The virtual and the physical: The growth of social media data on places, and its implications
by John Davies
10 Feb 2016
Image shows geotagged photographic activity around London’s Waterloo station on the photo sharing website Flickr, in particular the effects of the 2008 Cans street art festival. The festival was located on Leake street which passes under the tracks of the station. This is an example of how spatial social media data can be affected by specific events. All maps shown in the post were created with Markus Loecher’s RgoogleMaps package.
Into the city
In the past, people walked the streets and left no trace. This is no longer true. We are creating large amounts of data about the places around us: how we move through them, and how they move us. This is being driven by our increasing capacity to create, store and analyse data. One source of this data has been the growth in smart phone and social media use. The geotagged social media data generated by phones and cameras is producing spatial data on a large number of people’s interactions with their surroundings.

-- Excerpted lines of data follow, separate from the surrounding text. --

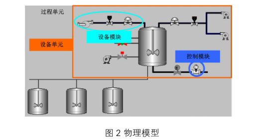 物理模型用來描述批量生產(chǎn)中的設(shè)備,分為過程單元(process cell)、設(shè)備單元(unit)、設(shè)備模塊(equipmentmodule)和控制模塊(control module)四層。其中,控制模塊由一組傳感器、激勵(lì)裝置和其他控制模塊組成,完成一個(gè)基本的控制活動(dòng);設(shè)備模塊由完成一個(gè)簡單任務(wù)的某些控制模塊組成;設(shè)備單元由生產(chǎn)過程中完成某一特定任務(wù)的設(shè)備模塊和控制模塊構(gòu)成;過程單元?jiǎng)t包括批量生產(chǎn)中所有的生產(chǎn)操作設(shè)備和輔助操作設(shè)備。物理模型如圖2 所示:
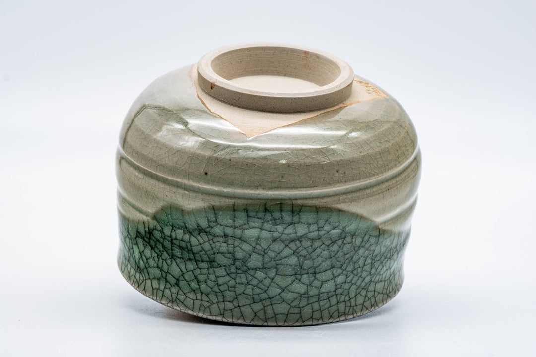 This Obori Soma-yaki chawan (matcha bowl) features the classic crazed celadon glaze that this style is known for, accented with a second layer of the glaze, which deepens its blue-green hue.
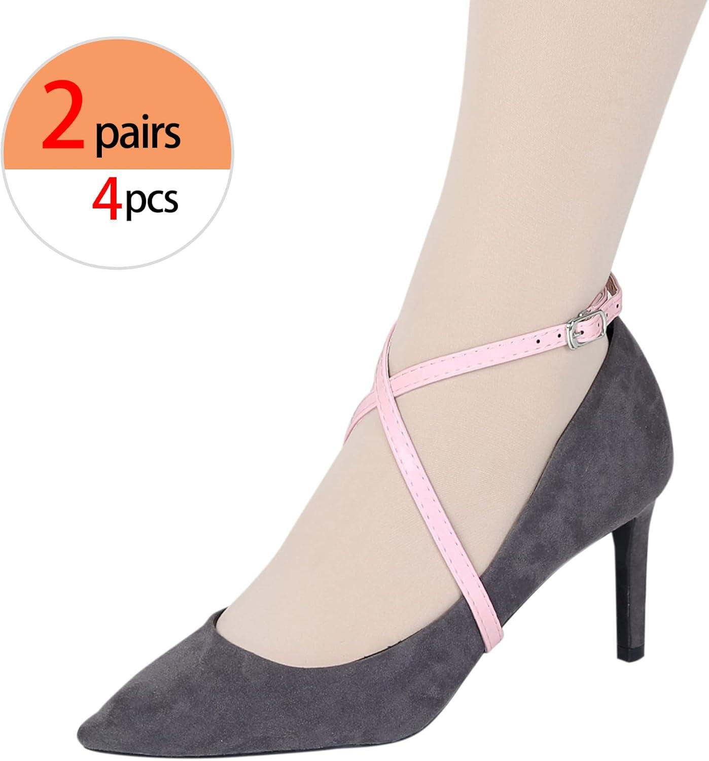 Allegra K Women's Adjustable Detachable Crossed Anti-Slip Shoe Straps for Heels with Buckle(Pink)

This data has limitations. It is not everybody; social media use is self-selecting. It is not everywhere, there is more activity in city centres. It may not be representative of local populations (tourists), and users may be appearing as distorted versions of themselves or not even be people (there are automated social media accounts and institutional ones). Nevertheless, studies of this data are starting to show that it can be used to help understand urban areas.
Image shows the Twitter followers of two cafes’ Twitter accounts. The cafes are on the same street. Followers of cafe A only are coloured purple and followers of cafe B only are coloured yellow (The cafes accounts themselves do not appear). Followers of both cafes are in red. Connections between those in the same following group have the corresponding colour. Unconnected dots are accounts that followed one of the cafés, but did not follow anyone else who followed a cafe (or who had restricted access to their following information). See note at end of article for further interpretation. 
Emerging findings Walkable streets (Using Flickr photography and Foursquare data to understand the walkability of streets)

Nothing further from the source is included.